The roughly 60 students who took the ACT test last spring scored 20 percent above the

state average and about 10 percent above the national average, according to scores released last week.

“I know last year’s class was the largest scholarship year we’ve had, so these scores make sense. They were a motivated group,” said Payson Unified School District Superintendent Casey O’Brien of the standout scores.

We have a good trend going, and we want to keep it going,” O’Brien concluded.

Just under a third of the graduating class took the ACT, the most commonly used standardized test used by colleges nationwide.

The strong performance of the high school’s college-bound students contrasts with the below-average overall AIMS scores, based on tests of basic skills taken by all students.

Payson’s graduates beat the state and national averages in every subject area.

For instance, in math Payson students scored 25 percent above the state average and 19 percent above the national average.

Likewise in science Payson students scored 25 percent above the state average and 16 percent above the national average.

In English, Payson students scored 32 percent above the state average and 19 percent above the national average.

More than two-thirds of the Payson students scored above the national benchmarks in all subjects. Studies suggest that 75 percent of students who score in that range successfully complete college.

Payson students have generally beat the state average on the ACT each year in most subjects for the past five years. However, the 2011 scores represented the strongest performance in that whole period. Payson has consistently scored above the state average in English, math and science for each of the past four years.

However, Payson did much better compared to the state average this year than in previous years. Payson students scored 18 percent below the four-year average prior to this year, before this year’s standout performance.

“Determining and creating six-year course plans and taking the right courses in sequence increases the chances students will be prepared with the skills necessary to take advanced-level courses.
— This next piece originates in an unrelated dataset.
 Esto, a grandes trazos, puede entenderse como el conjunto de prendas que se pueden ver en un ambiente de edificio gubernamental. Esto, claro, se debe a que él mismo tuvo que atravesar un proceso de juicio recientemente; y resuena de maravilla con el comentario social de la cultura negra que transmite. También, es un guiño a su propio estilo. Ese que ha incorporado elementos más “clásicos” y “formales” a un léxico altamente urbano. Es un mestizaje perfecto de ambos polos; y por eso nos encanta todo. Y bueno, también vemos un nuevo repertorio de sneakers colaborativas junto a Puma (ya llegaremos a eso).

With these supports in place, Payson High School looks forward to continued improvement and growth annually,” said Payson High School Principal Kathe Ketchem.
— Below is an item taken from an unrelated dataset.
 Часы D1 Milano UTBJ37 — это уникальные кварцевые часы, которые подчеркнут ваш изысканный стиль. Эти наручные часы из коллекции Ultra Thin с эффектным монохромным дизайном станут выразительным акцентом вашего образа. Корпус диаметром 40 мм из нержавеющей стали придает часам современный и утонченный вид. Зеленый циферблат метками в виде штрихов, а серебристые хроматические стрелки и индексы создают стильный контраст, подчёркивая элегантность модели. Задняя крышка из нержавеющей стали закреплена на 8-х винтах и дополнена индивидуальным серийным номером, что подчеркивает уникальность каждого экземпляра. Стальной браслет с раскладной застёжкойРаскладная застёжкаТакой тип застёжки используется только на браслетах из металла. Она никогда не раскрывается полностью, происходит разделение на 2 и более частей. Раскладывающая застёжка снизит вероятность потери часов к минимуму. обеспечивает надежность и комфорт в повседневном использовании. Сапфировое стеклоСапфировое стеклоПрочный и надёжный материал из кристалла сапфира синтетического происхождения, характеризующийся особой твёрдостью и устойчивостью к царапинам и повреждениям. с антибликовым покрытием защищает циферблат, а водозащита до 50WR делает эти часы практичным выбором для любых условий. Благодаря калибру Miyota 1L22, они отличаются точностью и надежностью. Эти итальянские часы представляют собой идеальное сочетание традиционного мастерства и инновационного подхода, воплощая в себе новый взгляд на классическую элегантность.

O’Brien said he took special pleasure in the improvement in the English scores. “We’ve been putting an emphasis on language, so that component is very encouraging,” he said.

The strong performance on the ACT scores adds to the encouragement in last year’s sharp rise in the graduation rate to about 83 percent. The high school moved from slightly below the state average to just above the state average on that crucial measurement.

However, the high school continues to lag when it comes to the AIMS test of basic skills, which all students must pass to graduate.

The high school has also increased the number of Advanced Placement courses offered, which may have helped boost ACT scores in several areas. Students who did take AP courses at the high school struggled to score fours and fives on the national tests of knowledge they must pass in order to get college credit for the Advanced Placement tests. In some of the tough, science classes, none of the AP students last year scored high enough to guarantee college credit.

However, he said the clear cut scores on the ACT test provided much clearer measurements of student knowledge than some of the much more complicated scores developed as part of the state’s effort to assign every school a letter grade to gauge student learning.

“What I like about the ACT data is that there’s nothing ambiguous about it. We’ve been dealing with the state on three different school labels and I still don’t know what the final outcome is. The data is so complex and they have all these formulas to assign point values. But with the ACT, it’s pretty black and white: There’s a score — and here it is.”

He said the ACT scores provide some reassurance that the district has made progress on the key goal of preparing students for some sort of additional schooling.

“College and career readiness is the reality. High school has become the new middle school in terms of what it does for your earning potential compared to 30 years ago,” said O’Brien.